▶ [TASK GOAL]: Your task is to restate word for word the lines in the material below, from the one with "37. (2025·苏州)小" up to and including the one with "同研究会は、大阪・関西万博パ". Do not carry over the pictures.

▶ [MATERIALS PROVIDED]:
┌──

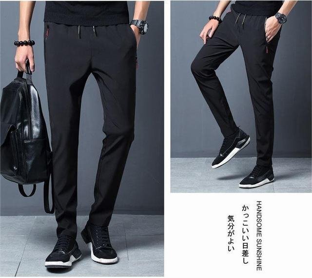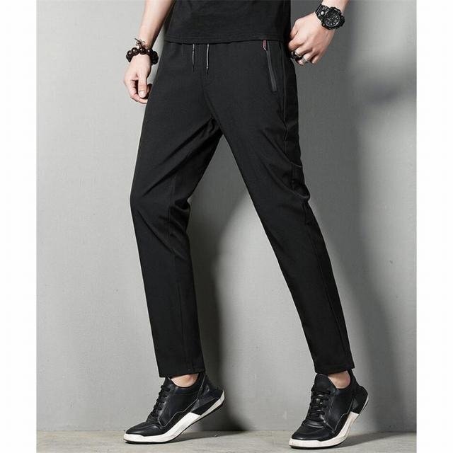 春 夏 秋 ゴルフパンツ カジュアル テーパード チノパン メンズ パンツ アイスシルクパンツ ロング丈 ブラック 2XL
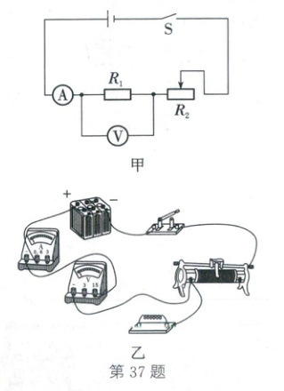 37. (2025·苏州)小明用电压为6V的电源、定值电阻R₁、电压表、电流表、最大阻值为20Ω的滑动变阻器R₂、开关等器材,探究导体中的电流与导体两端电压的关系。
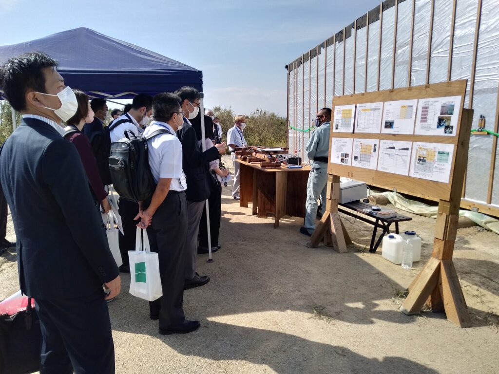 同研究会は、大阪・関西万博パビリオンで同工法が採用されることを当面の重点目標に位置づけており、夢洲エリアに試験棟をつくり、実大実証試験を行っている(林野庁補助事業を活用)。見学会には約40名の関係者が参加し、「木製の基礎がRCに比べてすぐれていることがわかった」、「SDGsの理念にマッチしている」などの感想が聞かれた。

└──
┌──

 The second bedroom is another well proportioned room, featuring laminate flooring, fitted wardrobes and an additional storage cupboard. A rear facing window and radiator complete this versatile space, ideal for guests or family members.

└──

▶ [EXERCISE ANSWER]:
 37. (2025·苏州)小明用电压为6V的电源、定值电阻R₁、电压表、电流表、最大阻值为20Ω的滑动变阻器R₂、开关等器材,探究导体中的电流与导体两端电压的关系。
 同研究会は、大阪・関西万博パビリオンで同工法が採用されることを当面の重点目標に位置づけており、夢洲エリアに試験棟をつくり、実大実証試験を行っている(林野庁補助事業を活用)。見学会には約40名の関係者が参加し、「木製の基礎がRCに比べてすぐれていることがわかった」、「SDGsの理念にマッチしている」などの感想が聞かれた。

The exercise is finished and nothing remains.